DATA FOR REVIEW:
=== Begin Enclosure ===

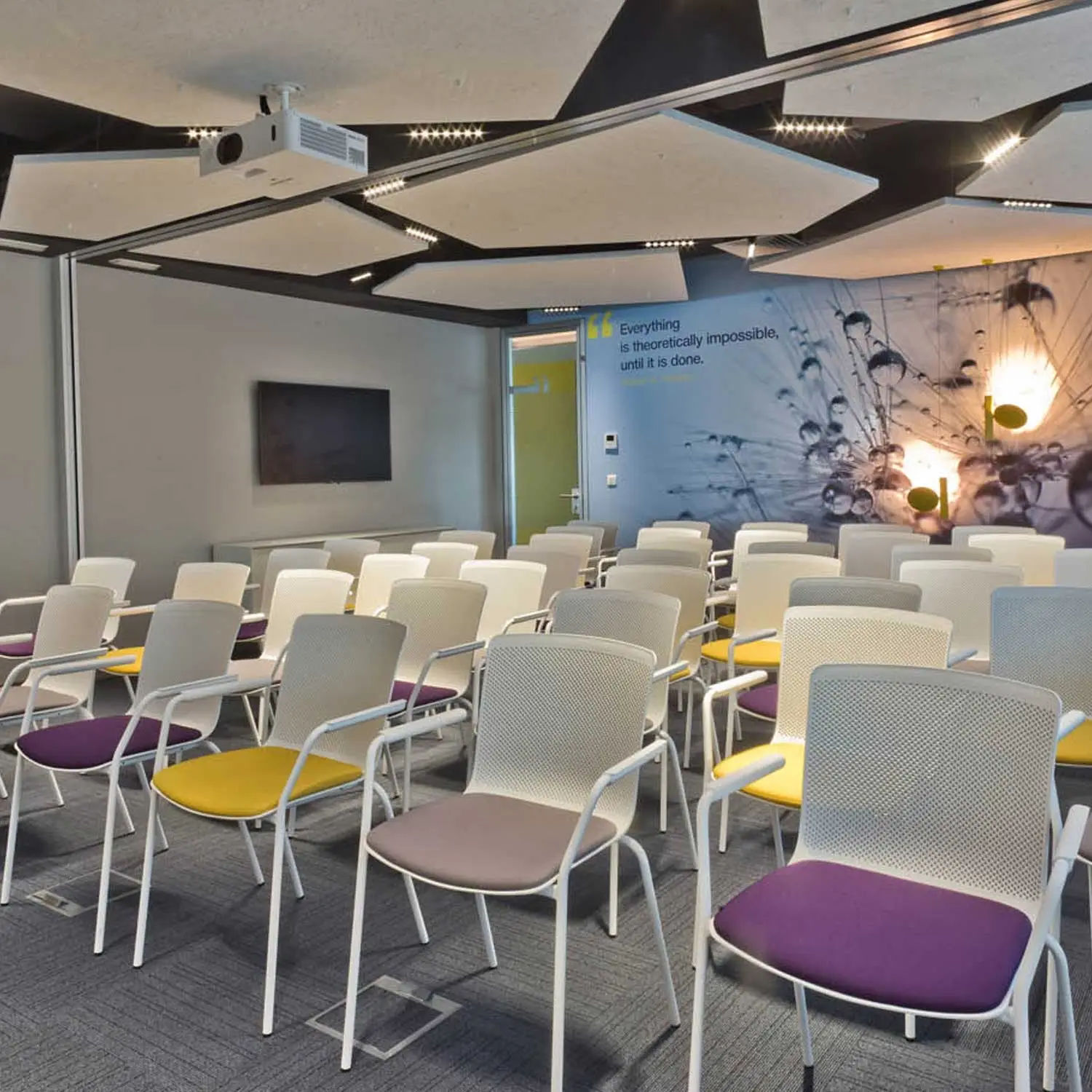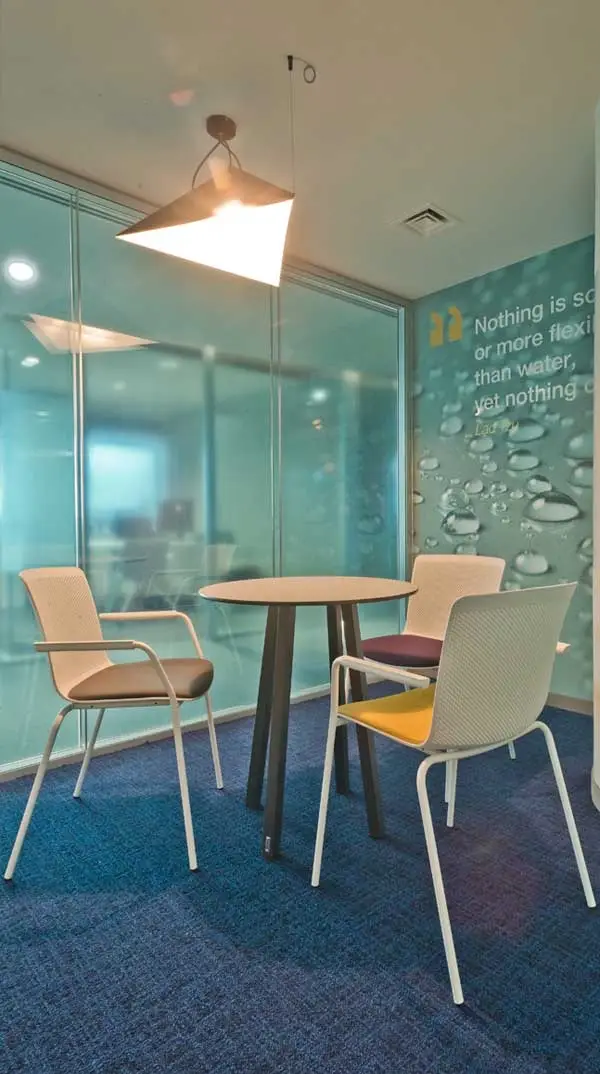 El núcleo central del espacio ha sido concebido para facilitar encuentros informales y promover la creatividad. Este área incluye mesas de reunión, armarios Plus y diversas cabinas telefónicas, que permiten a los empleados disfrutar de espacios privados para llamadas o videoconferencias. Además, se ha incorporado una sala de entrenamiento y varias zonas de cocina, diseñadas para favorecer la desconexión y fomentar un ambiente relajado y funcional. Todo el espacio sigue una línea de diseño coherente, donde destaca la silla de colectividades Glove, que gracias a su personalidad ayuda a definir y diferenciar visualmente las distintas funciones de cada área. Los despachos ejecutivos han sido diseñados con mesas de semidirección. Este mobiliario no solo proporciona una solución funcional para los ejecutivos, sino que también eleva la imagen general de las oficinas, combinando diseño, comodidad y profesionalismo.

=== End Enclosure ===
=== Begin Enclosure ===

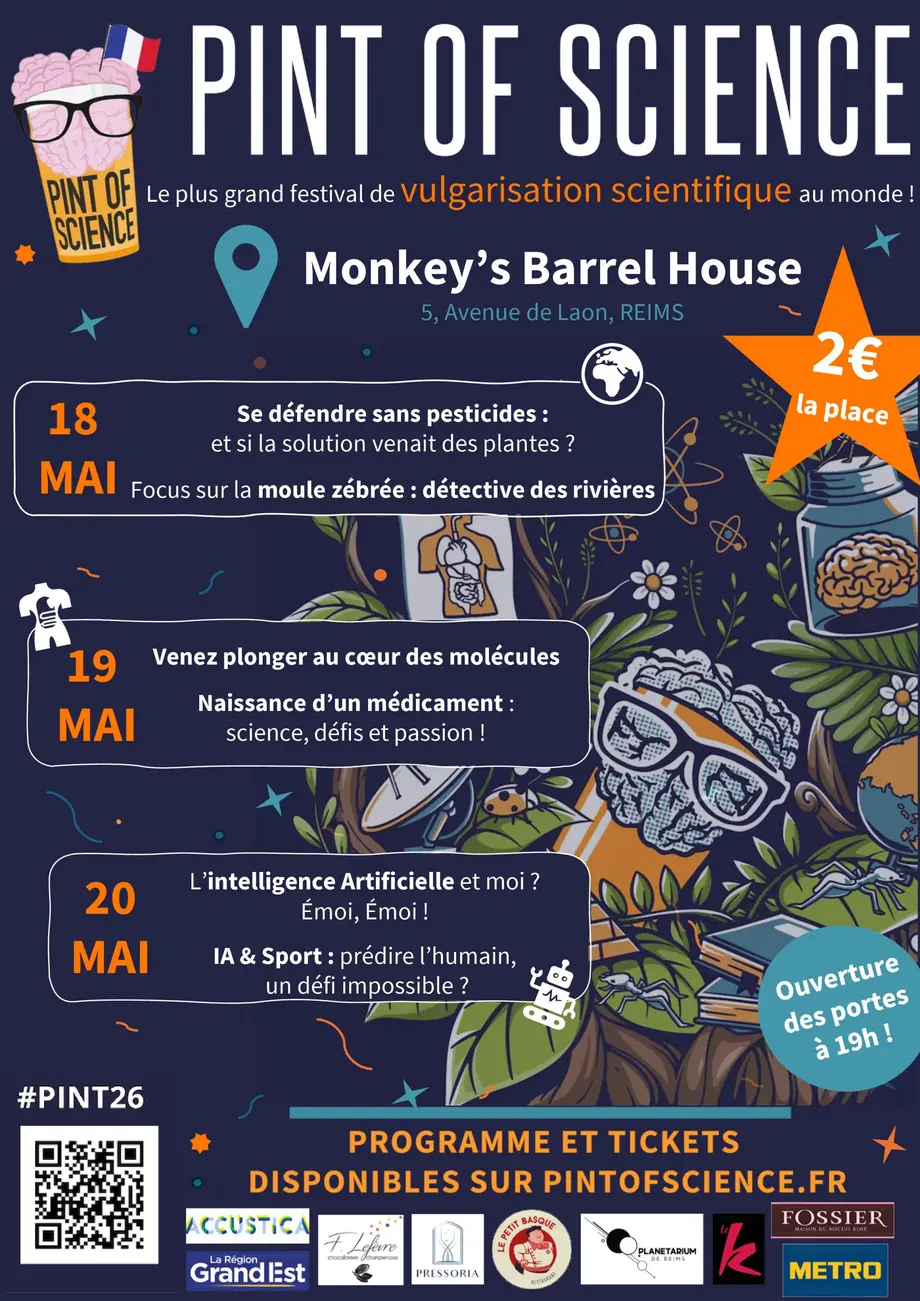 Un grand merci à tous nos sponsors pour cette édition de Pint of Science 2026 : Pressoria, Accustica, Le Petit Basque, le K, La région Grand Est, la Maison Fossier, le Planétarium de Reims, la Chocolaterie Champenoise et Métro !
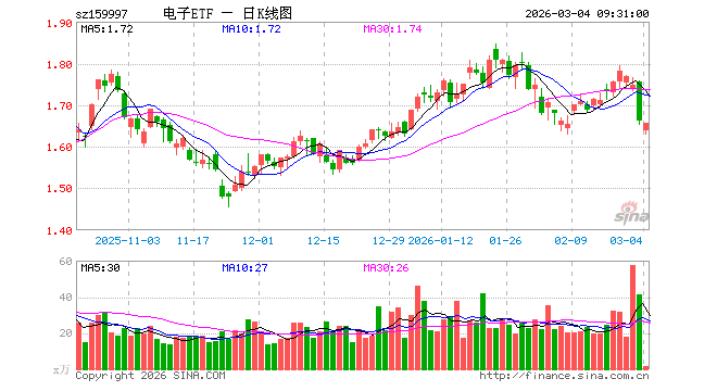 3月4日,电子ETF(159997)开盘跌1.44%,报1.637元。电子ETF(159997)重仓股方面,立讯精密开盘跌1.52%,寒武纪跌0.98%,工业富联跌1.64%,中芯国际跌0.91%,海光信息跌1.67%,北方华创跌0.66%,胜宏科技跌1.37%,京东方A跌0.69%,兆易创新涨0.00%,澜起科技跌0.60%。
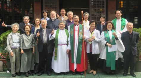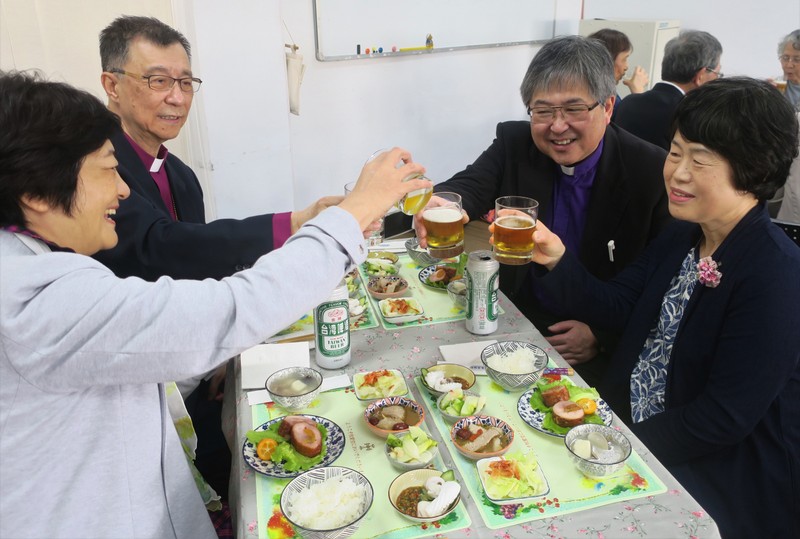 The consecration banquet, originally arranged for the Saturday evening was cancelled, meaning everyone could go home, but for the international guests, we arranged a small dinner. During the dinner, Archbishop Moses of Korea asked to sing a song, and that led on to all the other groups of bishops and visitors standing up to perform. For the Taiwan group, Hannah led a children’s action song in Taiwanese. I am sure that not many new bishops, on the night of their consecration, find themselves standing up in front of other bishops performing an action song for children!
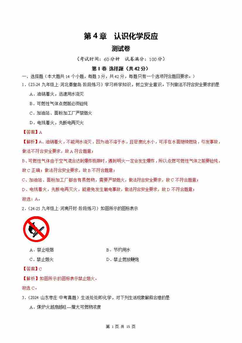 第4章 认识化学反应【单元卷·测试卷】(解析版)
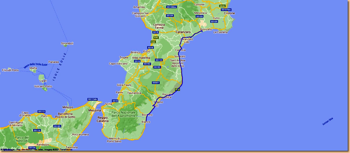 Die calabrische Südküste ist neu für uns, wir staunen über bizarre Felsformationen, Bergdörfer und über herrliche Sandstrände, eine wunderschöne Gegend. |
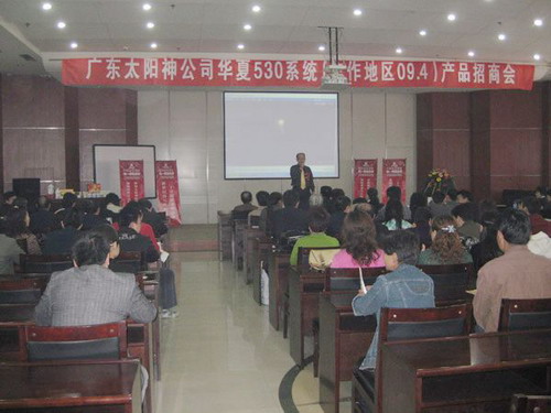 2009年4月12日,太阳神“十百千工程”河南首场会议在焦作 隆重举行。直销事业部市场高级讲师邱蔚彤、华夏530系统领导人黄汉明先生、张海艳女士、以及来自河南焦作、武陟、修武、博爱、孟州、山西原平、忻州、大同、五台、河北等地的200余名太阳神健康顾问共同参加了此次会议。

=== End Enclosure ===

TRY IT: In the listing above, the required lines run from the line with "Un grand merci" through the line with "第4章 认识化学反应【单元卷·测试卷】(解析版)". Output exactly those lines, omitting pictures.

RESULT OF THE EXERCISE:
 Un grand merci à tous nos sponsors pour cette édition de Pint of Science 2026 : Pressoria, Accustica, Le Petit Basque, le K, La région Grand Est, la Maison Fossier, le Planétarium de Reims, la Chocolaterie Champenoise et Métro !
 3月4日,电子ETF(159997)开盘跌1.44%,报1.637元。电子ETF(159997)重仓股方面,立讯精密开盘跌1.52%,寒武纪跌0.98%,工业富联跌1.64%,中芯国际跌0.91%,海光信息跌1.67%,北方华创跌0.66%,胜宏科技跌1.37%,京东方A跌0.69%,兆易创新涨0.00%,澜起科技跌0.60%。
 The consecration banquet, originally arranged for the Saturday evening was cancelled, meaning everyone could go home, but for the international guests, we arranged a small dinner. During the dinner, Archbishop Moses of Korea asked to sing a song, and that led on to all the other groups of bishops and visitors standing up to perform. For the Taiwan group, Hannah led a children’s action song in Taiwanese. I am sure that not many new bishops, on the night of their consecration, find themselves standing up in front of other bishops performing an action song for children!
 第4章 认识化学反应【单元卷·测试卷】(解析版)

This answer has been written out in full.